Straight ahead is the camp entrance, Tower A, a guardhouse with a gate bearing the notorious ‘Arbeit macht frei’. There is an odd feeling. I know what that sign means, literally and figuratively, yet I feel a barrier go up between me and its real significance. In places like this, with the perpetrators and victims long gone and only relics to testify to their experience, we are removed from the reality. Our imaginations and hearts can bridge the distance only so far, and our minds give us other levels of protection too. I can only wonder what the locals felt when the Allies forced them to tour the concentration camps by the busload, and whether this same distance was possible with the smell still in the air.
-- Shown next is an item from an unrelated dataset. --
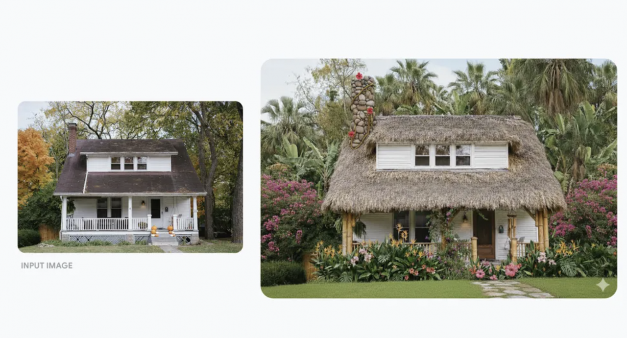 提示:將這棟房子改造成充滿活力的熱帶島嶼風格。用茅草屋頂代替,並添加竹子結構元素。周圍環繞著鬱鬱蔥蔥、色彩繽紛的熱帶植物和棕櫚樹。(Prompt: Transform this house into a vibrant tropical island design. Replace the roof with thatch and add bamboo structural elements. Surround it with lush, colorful tropical plants and palm trees.)

We are thankful for our coats and scarves and umbrellas as we walk through the gate, because the weather is bitter. The Soviets reconstructed some of the barracks from original materials in the late 1950s as a memorial against fascism (!), and in spite of arson attacks by right-wingers they are still in good condition. Barracks 38 and 39 lie in the ‘small camp’ to the south east of the triangle of the main camp. These two barracks were the home of many Jewish prisoners in the late pre-war period, and contain displays on the treatment of Jewish prisoners. They are the only buildings here now, but there were many others, each now marked by a concrete block with a number on it. It was here in the small camp that the Nazis placed special prisoners who had skills the Reich needed, such as counterfeiting and forgery. The German film ‘The Counterfeiters’ tells the story of some of these prisoners. I was glad that we had seen it a few months ago on tv, as it gave us some hooks to hang our ideas on.
Just north of these barracks is the prison, where the Nazis held people for special treatment, political enemies like Hans von Dohnanyi. One of the leaders of the military conspiracy against Hitler, he was held, tortured and eventually executed here, on the same day as his brother-in-law Dietrich Bonhoeffer.
The prison is one of the few original buildings left, and the huge stretch of empty ground looks ominous. When it was full of barracks it would have looked less forbidding, in spite of the brutality. You can see what’s left of the ‘Shoe-testing Track’, where prisoners were forced to jog for hours ‘testing shoes’. Whoever thought of that was truly evil.
We walk across the rainswept ground to the other side of the triangle, to Station Z, where prisoners were forced to run down into a trench and were then shot. Next to that is what is left of the crematorium, including three or four ovens. To the west is a large gravelled area marking the pit where the ashes were disposed of (‘buried’ seems too deliberate and careful an act).
Even though we haven’t seen the Pathology Building and the Soviet camp, an hour and a half in the cold and wet is enough. We trudge back through the mud to find somewhere in Oranienburg that sells hot chocolate. It’s only when we are sitting in the warmth of the café waiting for our order that I realise I am utterly weary, not just from fighting the cold but from keeping the emotion in check underneath the analytical eye and the questioning mind.